La Commission des affaires juridiques du Conseil national se rallie aux décisions du Conseil des Etats en ce qui concerne la réglementation du nom de famille des époux. Elle décide de ne pas donner suite à une initiative du canton d'Argovie qui propose de supprimer la gratuité des procédures de recours en matière d'assurances sociales. Elle a procédé à l'examen préalable de deux initiatives parlementaires.

La commission a procédé à l'examen des divergences concernant la nouvelle réglementation du nom de famille dans le Code civil (94.434 Iv. pa. Nom de famille des époux (Sandoz Suzette)). Elle s'est ralliée à la décision du Conseil des Etats de maintenir la possibilité pour les époux de porter un double nom. Si les parents mariés ne peuvent se mettre d'accord sur le nom de famille de leurs enfants, il appartiendra à l'autorité tutélaire de trancher. Les enfants dont les parents ne sont pas mariés acquerront en principe le nom de la mère ; les parents qui exercent ensemble l'autorité parentale pourront toutefois choisir celui du père. Le Conseil national examinera ces propositions à la session d'hiver.

La commission a décidé par 13 voix contre 8 de ne pas donner suite à une initiative du canton d'Argovie qui entend supprimer la gratuité des procédures de recours dans le domaine des assurances sociales (00.301). La majorité de la commission relève que cette initiative, dont le but est de limiter le nombre des recours, va à l'encontre d'un principe fondamental du droit des assurances sociales que le parlement a confirmé dans la loi fédérale du 6 octobre 2000 sur la partie générale des assurances sociales (art. 61). La procédure d'opposition prévue dans cette nouvelle loi contribuera à diminuer la surcharge de certains tribunaux. L'initiative aurait pour effet de dissuader les personnes les plus vulnérables de faire valoir leurs droits et serait de ce fait discriminatoire. Le droit actuel, qui prévoit que des émoluments et frais de procédure peuvent être perçus en cas de recours téméraire ou interjeté à la légère, est suffisant. La minorité de la commission estime qu'il vaut la peine d'approfondir la demande du canton d'Argovie.
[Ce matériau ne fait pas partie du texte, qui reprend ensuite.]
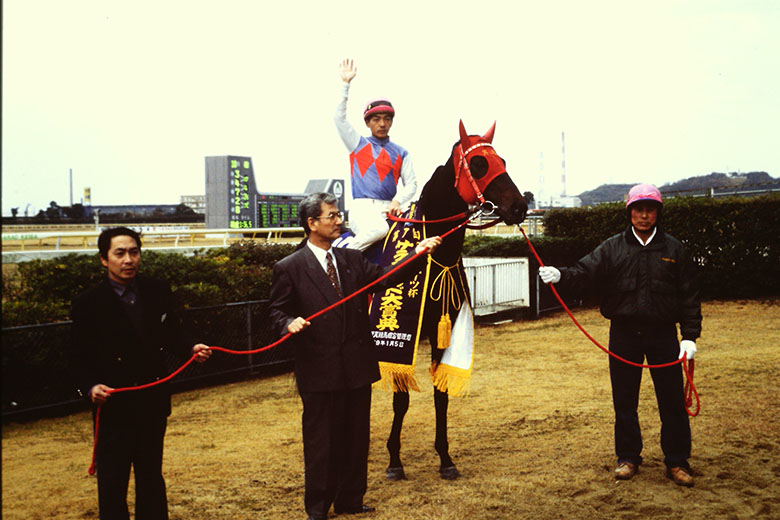 思い出の騎乗馬を1頭あげるとすればトビアラシですね。私がデビューした頃にオープンで活躍した馬で、後方からひとまくりして勝つというのがパターン。馬が勝負どころを覚えているみたいで、後ろのほうを走っていても3コーナー手前で外に出すと4コーナーではもう2、3番手。直線で楽に抜け出して勝ってしまう。ふだんは腰がフラフラして倒れそうな馬なのに、レースに行ったら違うんです。当時の馬場で上がり34秒、1400メートル戦のレコードを作ったこともありました。

Elle relève qu'il y a d'autres domaines dans lesquels une des parties est plus faible, par rapport à l'Etat ou à la partie adverse, et dans lesquels les procédures de recours ne sont pas gratuites.

La commission a donné suite par 11 voix contre 6 à une initiative parlementaire du Conseiller national Paul Rechsteiner ( 99.464 Réhabilitation des personnes ayant sauvé des réfugiés ou lutté contre le nazisme et le fascisme ) visant à abroger, au travers d'un arrêté fédéral, tous les jugements pénaux prononcés contre les personnes qui ont aidé les victimes du régime national-socialiste et du fascisme à fuir. L'initiative parlementaire vise également les Suisses qui ont lutté dans la Résistance française et au cours de la guerre civile espagnole en tant que membres des Brigades internationales. La concrétisation de l'initiative parlementaire devra, selon la commission, tenir compte des différents groupes visés : selon la commission, les personnes ayant sauvé des réfugiés méritent plus particulièrement un examen approfondi de mesures tendant à leur réhabilitation.
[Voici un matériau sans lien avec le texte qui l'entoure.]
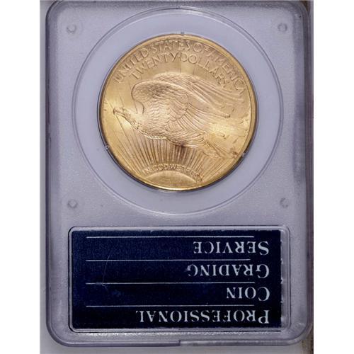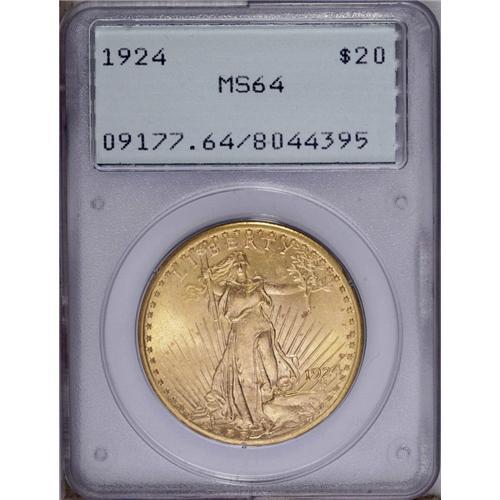 <B>1924<$20> MS64 PCGS.</B></I> Yellow-gold surfaces display a few darker orange-gold toning spots, and a few small abrasions on Liberty's chest and legs. The design elements are adequately brought up throughout. Housed in a first generation PCGS holder. <BR><BR><B>Important notice:</B> Heritage usually auctions material at the rate of 200-250 lots per hour. On some occasions eBay Live bid software or the Internet may not be able to keep up with the pace of the auction. We recommend placing a realistic absentee bid now as insurance to avoid disappointment. Occasionally the auctioneer may eliminate or reject an eBay Live bid, and the auctioneer may also reopen a lot after the close of the eBay live bidding (usually because we missed an audience bid), and may reject your bid even if it shows you as the winning bidder. By bidding via eBay Live, you agree that Heritage may award the lot to another bidder at its sole discretion under the circumstances described above or any other reasonable circumstances. Since eBay bids are not shown to us until we open the lot on the floor, we treat those bids just like floor bids. In most cases the floor responds before the eBay bid is presented to us, due to Internet lag time, so for consistency we have made it a policy that floor bids are always considered first over tie eBay live bids. Also please note that all Heritage lots purchased through eBay Live carry a 20% Buyer's Premium. Please make sure you read the Terms and Conditions before you bid. This lot is being auctioned in conjunction with a live floor auction by Heritage Galleries & Auctioneers. All final auction and invoice information will be supplied by Heritage Galleries & Auctioneers, and all other information should be considered preliminary. Lot:4698 <BR><BR><B>Winning Notification and Billing:</B> After the FINAL session in this auction is complete, Heritage will send e-mail and snail mail invoices. This process normally takes several days. All final auction and invoice information will be supplied by Heritage Galleries & Auctioneers, and all other information should be considered preliminary. <BR><BR>This auction will be conducted on a live auction floor and over the Internet through eBay Live. If you choose to place an absentee bid, please take a moment to <font color='#0000ff'><u><a href='http://pages.ebay.com/liveauctions/help/before/laabsentee.html'>learn how eBay Live absentee bidding works</a></u></font><font color='#000000'>

La commission a décidé par 9 voix contre 7 de ne pas donner suite à une initiative de la conseillère nationale Thanei (99.459 Droit du travail. Protection contre le licenciement) visant à renforcer la protection contre les congés dans le sens de la Convention no 158 de l'Organisation internationale du travail (OIT) et de la Charte sociale révisée. Pour la majorité de la commission, le droit du travail actuel offre une grande flexibilité et permet d'optimaliser l'engagement du personnel. Ceci constitue un avantage pour la place économique suisse. Des dispositions plus sévères en matière de congé pousseraient les entreprises à faire d'avantage appel à du personnel temporaire, ce qui va à l'encontre des intérêts des travailleurs. Pour la minorité, une adaptation aux réglementations en vigueur dans les pays qui nous entourent est nécessaire tant pour des motifs économiques qu'en raison des conséquences des résiliations pour les travailleurs. La législation actuelle incite les entreprises étrangères à procéder à des fermetures d'entreprises et à des licenciements en premier lieu en Suisse, étant donné que cela est meilleure marché et plus simple dans notre pays.
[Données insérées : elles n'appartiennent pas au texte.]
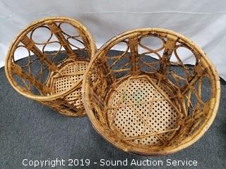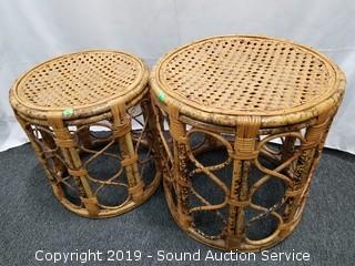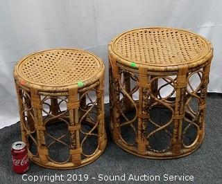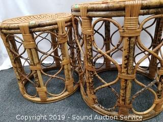 Lot #0008: Pair of Bamboo Woven Top Stools/Tables

La commission a également adopté par 14 voix contre 8 un projet de modification du droit du bail (99.076). Elle a informé sur ces décisions dans le cadre d'une conférence de presse le 31 octobre.

La commission des affaires juridiques a siégé à Berne les 30 et 31 octobre 2000 sous la présidence du Conseiller national J. Alexander Baumann (UDC/TG) et partiellement en la présence du Conseiller fédéral Pascal Couchepin.